There was a little squadron of fishermen’s boats all out together, and hundreds of birds were following the boats, resting on the water at times, and watching for the bits of bait thrown away by the fishermen, which they picked up—it was a pretty sight.
The mountains certainly are very wild and beautiful; there is vegetation to the top of Table Mountain, 3500 feet. Landowr, on which I formerly lived, is 7500 feet above the sea; and that is covered with fine trees, and vegetation of all kinds, all over the summit.
At Constantia, at Mr. Vanrennon’s vineyard, his wife complained greatly of the emancipation of the slaves: some of them were unwilling to be free, some of them were glad that freedom procured them idleness; their wages being high and food cheap, the emancipated people will only work now and then. The slaves collect in Cape Town, they work for a week, the wages of seven days will supply them with rice and fish for a length of time; and until forced by necessity, they will not work again.

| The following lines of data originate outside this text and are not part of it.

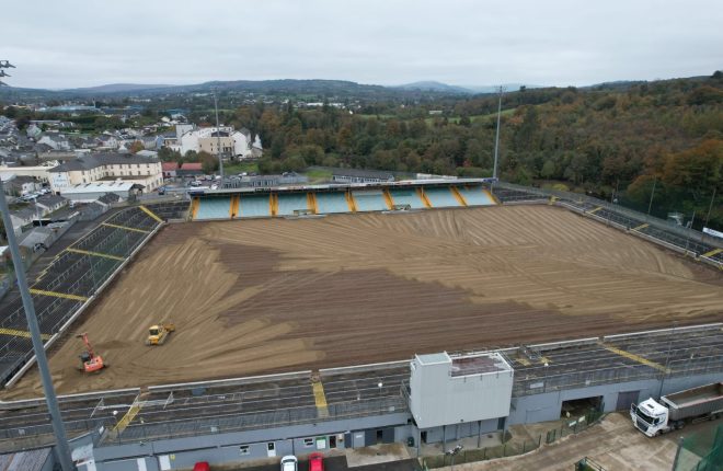 The resurfacing of Donegal’s premier GAA ground is part of a €500,000 overall redevelopment which began in April. The project also includes improvements to floodlighting, drainage, and accessibility.
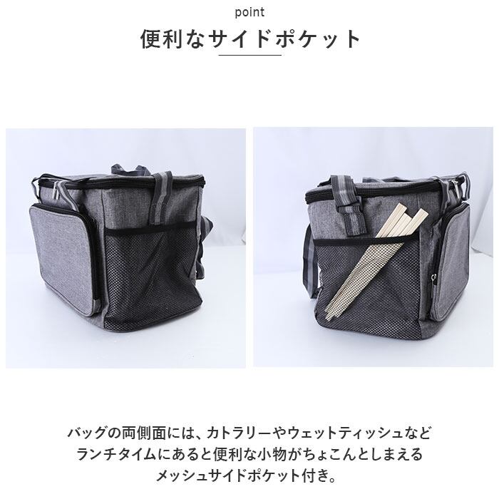 ・バッグの両側面には、カトラリーやウェットティッシュなど、ランチタイムにあると便利な小物がちょこんとしまえるメッシュサイドポケット付き。
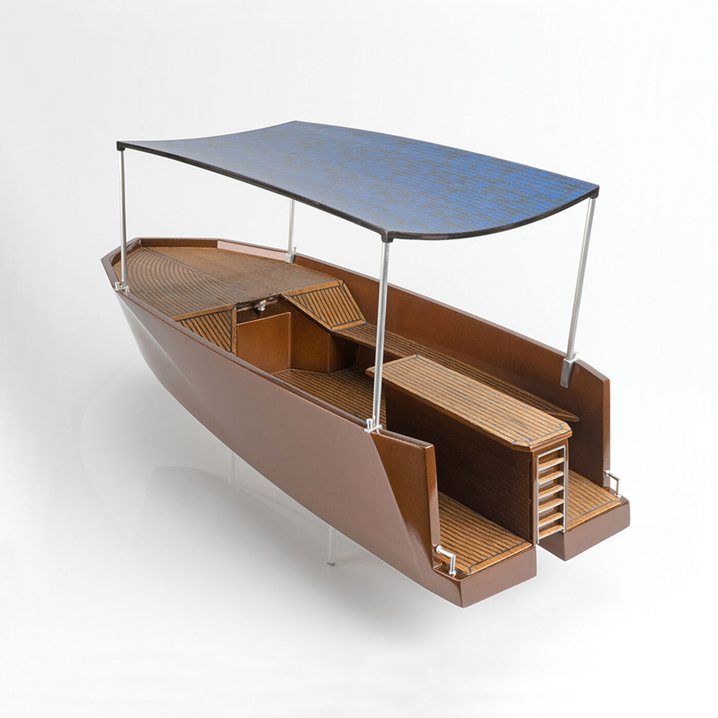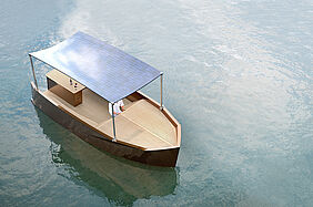 So gestaltet sich das Bootsdeck zu einem übersichtlichen Bereich, der die Möglichkeit zu liegen, zu sitzen oder zu stehen unspezifisch und nur über drei Höhenniveaus gegliedert, anbietet. Alle horizontalen und als Verstauraum angelegten Flächen sind durchgehend mit Holz verkleidet und unterstützen mit dem als Photovoltaiksystem ausgeführten, leicht geschwungenen Sonnenschutz ein minimalistisches und elegantes Bild.

They will prepare the land, but when the harvest is to be cut, they will not cut it unless you give them a sum far beyond their wages; and if you refuse to submit to the imposition, the crops must rot on the ground. The thatching on the houses at Constantia is most beautifully done, so correct and regular, and every thing there looks neat, and clean, and happy.

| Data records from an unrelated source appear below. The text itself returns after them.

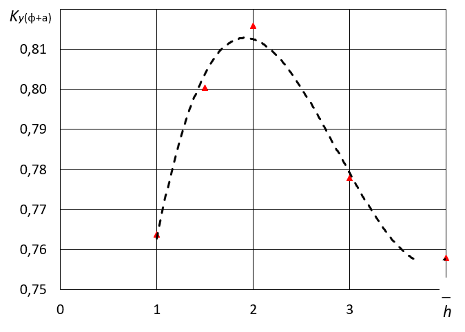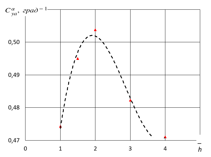 Результаты эксперимента (рис. 2) показали немонотонную зависимость коэффициента интерференции подъемной силы Ky(ф+а) от безразмерной высоты h− = h/r(где h — высота расположения антенны, расстояние от верхней поверхности фюзеляжа до горизонтальной плоскости симметрии антенны; r — радиус фюзеляжа), и монотонно возрастающую зависимость коэффициента интерференции лобового сопротивления Kx(ф+а) от безразмерной высоты пилона. Построена зависимость производной коэффициента подъемной силы по углу атаки от высоты расположения радиолокационного комплекса над фюзеляжем (рис. 3).
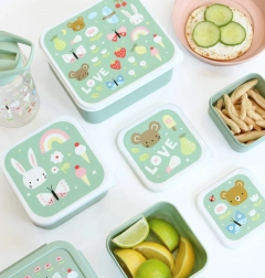 Táto sada prináša hravý dizajn a premyslené riešenie pre každodenné balenie jedla. Štyri rôzne veľkosti uľahčia rozdelenie desiat a prehľadnú organizáciu. Vďaka stohovateľnému prevedeniu sa krabičky po použití úsporne uložia jedna do druhej.
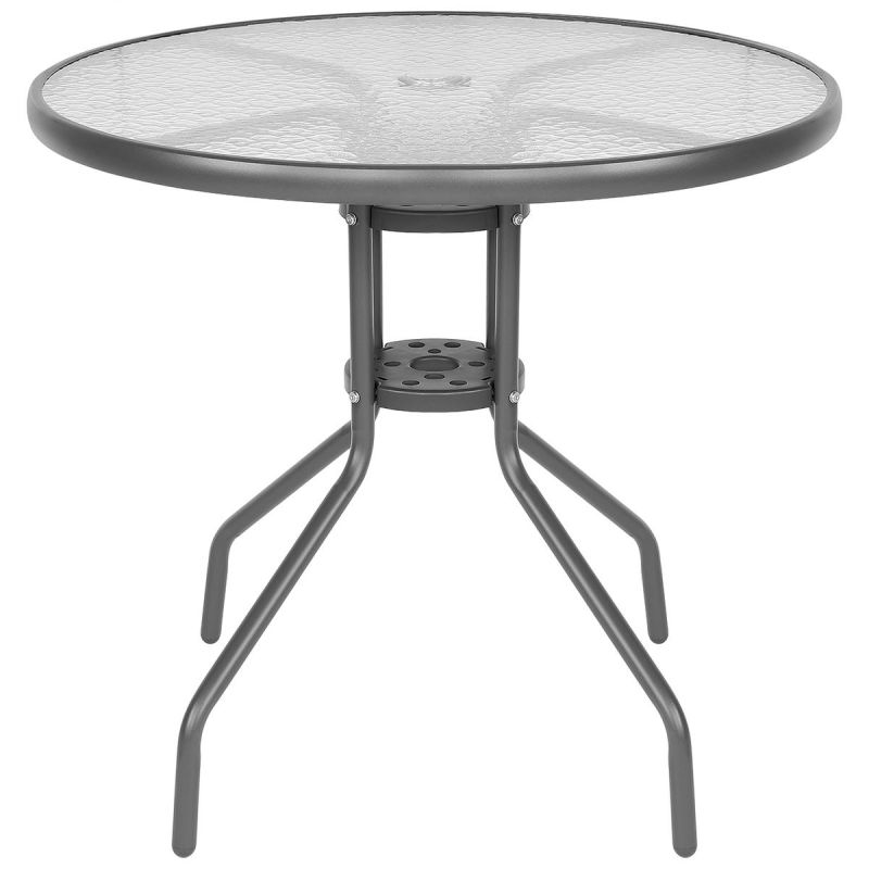 - Material: powder-coated steel - frames, 160g polyester - umbrella, textilene seats, table - tempered glass

There are several sorts of grapes at the Cape, the purple, and the white Pontac grape, of which the Constantia wine is made. The white sweet pod, a long grape; the sweet water, a round white grape; and a round purple grape;—they are all very fine. The medical men prescribe nothing to old Indians but grapes, grapes, as many as they can eat; that is the only medicine recommended, and the best restorative after calomel and India. The Hindoos, as they call us Indians at the Cape, approve highly of the prescription. The Cape horses, which are fine, and the cows, delighted me; there were some excellent and strong mules also. The delights of shore after having been cooped up in a ship, only those who have made a long voyage and have suffered from mal de mer can understand; or the pleasure of roaming at large on the quiet, firm earth, the sweet smell of the fields, no bilge water, no tar, no confinement.

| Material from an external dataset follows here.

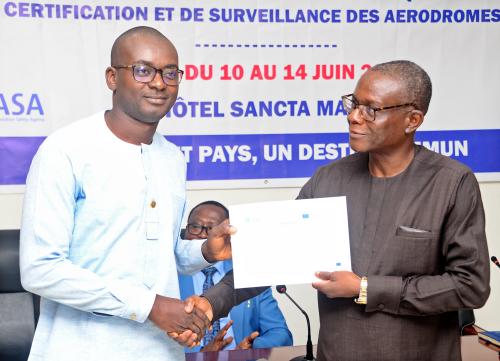 A l’issue de cette formation, le Colonel John BARARMNA-BOUKPESSI, Directeur Général Adjoint de l’ANAC Togo, a exprimé au nom du Directeur Général de l’ANAC, sa gratitude envers les formateurs, notamment Mme Christelle CHESSERON, inspecteur des aéroports à la Direction Générale de l’Aviation Civile (DGAC) de la France, pour leur expertise et contribution à l’enrichissement des connaissances des participants.

A friend of mine, a Bengal civilian, gave a good account of an expedition he made into the interior for about three hundred miles from the frontier with a Madras civilian. They got deer in abundance, zebra, and Guinea fowls, and saw lions in flocks. Fancy twelve of the latter gambling together near a small pool of water. They travelled in a waggon drawn by twenty bullocks, and took three Hottentot boys with them as servants, and fifteen horses, of which they lost all but one by theft or accident. He did not go, by many hundred miles, as far into the interior as Mr. Harris, not, in fact, into the hunting ground for elephants and camelopards: he spoke of Harris’s work, which is very interesting: he knew Mr. Harris, says he is a fine fellow, and from what he saw believes his accounts to be unexaggerated. What a brilliant country for sport!
One of the gentlemen of this party broke his collar-bone: they met with some Italians who came to them for protection; they also met with twelve lions, upon which they made off and got home again as fast as they could. My tale is a lame one; I have forgotten their adventures, but suppose the twelve lions did not eat the twenty bullocks, or how could the party have got home again?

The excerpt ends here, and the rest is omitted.